Heinz Rudolf Kunze

2005

Mehr als dies

Gedanken zum Wochenende

Auf dem Connewitzer Straßenfest waren sie zu sehen: die schönen Schwangeren, die ihre dicken Bäuche unverschämt schön zeigen. Neben ihnen schlenderten die jungen Mütter oder Väter und hatten die winzigen und mittelgroßen und größeren Zwerge auf den Bauch gebunden. Dazu die fröhlich dreckigen geschminkten Kleinkinder, die bereits von ihren eigenen Beinen getragen werden. Vielen Dank für dieses Bild der Hoffnung. "Wenn dein Kind dich morgen fragt" – das Motto des 30. Evangelischen Kirchentags in Hannover stand in der Gefahr, zur Groteske zu werden, weil es keine fragenden Kinder geben wird. Aber nein. Es wird sie geben. Es gibt sie. Denn: Nichts muss bleiben, wie es ist!

Heinz Rudolf Kunze hat sich endlich überreden lassen und ein Lied für den Kirchentag gemacht. Er hat sich endlich überreden lassen und gibt in Hannover ein Open-air-Konzert. Der ist Christ. Keiner, der mit seinem Glauben hausieren geht, aber einer, der immer noch zur Kirche hält. Es gibt sie noch. Die Nachdenklichen, die mit Kirche was anfangen können. Gott sei Dank! Denn: Nichts muss bleiben wie es ist!

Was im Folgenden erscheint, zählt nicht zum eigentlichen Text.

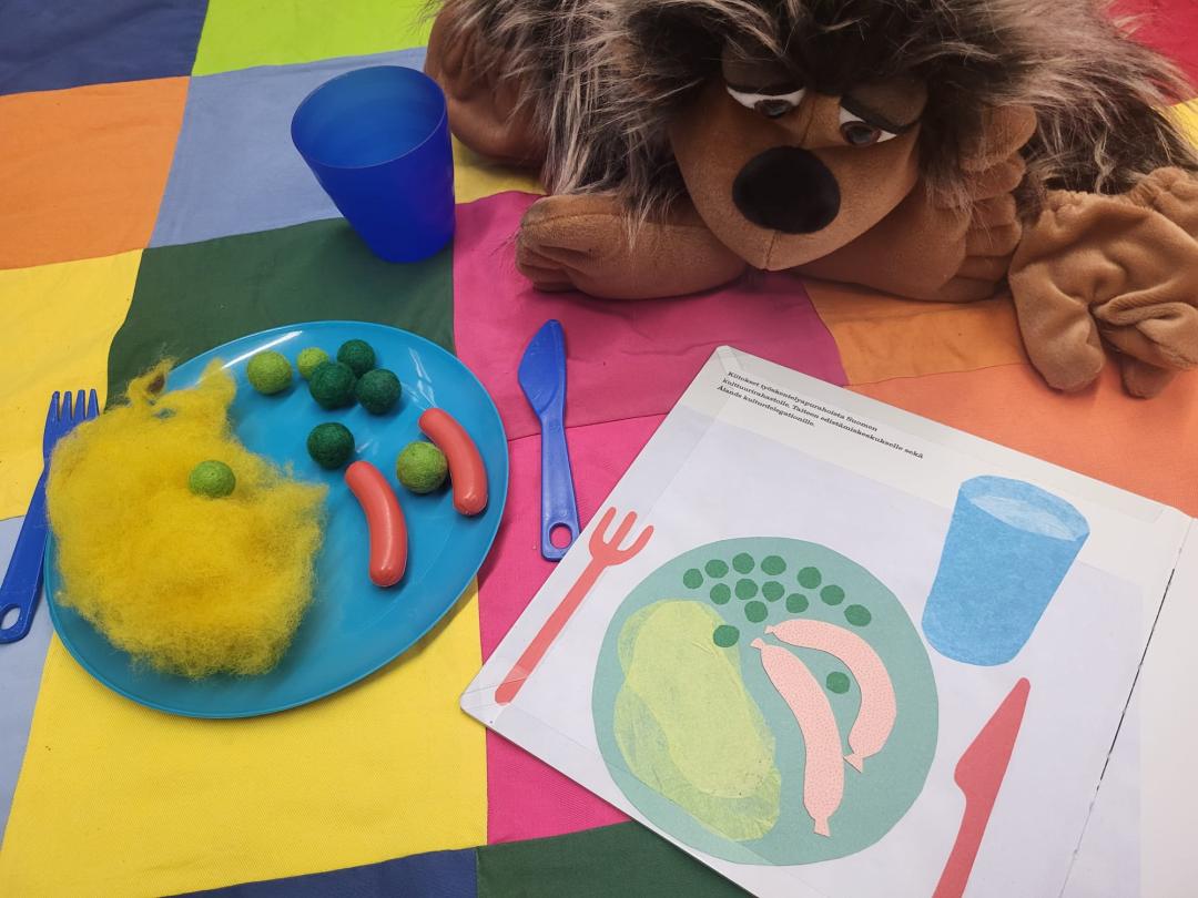 2. Tarinaa olisi hyvä konkretisoida eri aistien kautta: äänin, liikkein ja rekvisiitalla. Tarinassa voi olla esimerkiksi eläimiä, jotka löytyvät helposti käsinukkeina tai pehmoleluina, asioita tai eläimiä, joiden ääniä tai liikettä on helppo matkia yhdessä tai toimintaa, jota lapset voivat kokeilla myös itse. Myös ilmeikkäät kuvat, joiden tunnetilasta voidaan keskustella, toimivat hyvin.

Mehr als dies heißt der, Song. Macht Laune und kommt an. Und ist verdammt fromm. Mehr als dies? „Wenn dein Kind dich morgen fragt, wozu sind wir auf der Welt, wenn es anfängt sich zu wundern ... Dann bleib nicht die Antwort schuldig ... Was man ganz tief drinnen spürt, das kommt nicht von ungefähr. Glaub mir, denn es existiert. Mehr als dies.“

Wäre das etwas, worauf wir uns einigen könnten? Glauben glaubt an das Mehr-als-dies. Glauben betont das Mehr-als-wir! Von dort ist es nicht weit zu den Kindern. Und die Begründung? Nichts muss bleiben wie es ist! Ist das nicht herrlich? Wenn wir die Stirn in gewichtige Falten legen und die Zustände zum Kotzen finden, uns in unserem Ärger gemütlich eingerichtet haben, kommt der unverschämt schöne Glauben und sagt: Nichts muss bleiben wie es ist! Mehr als dies. Los komm, lass dich einladen. Machen Sie sich auf nach Hannover und schnuppern sie mal rein in ein Fest von Menschen, die sich auf einen solchen Glauben eingelassen haben. So wird die Welt anders. Nichts muss bleiben wie es ist! So ist es.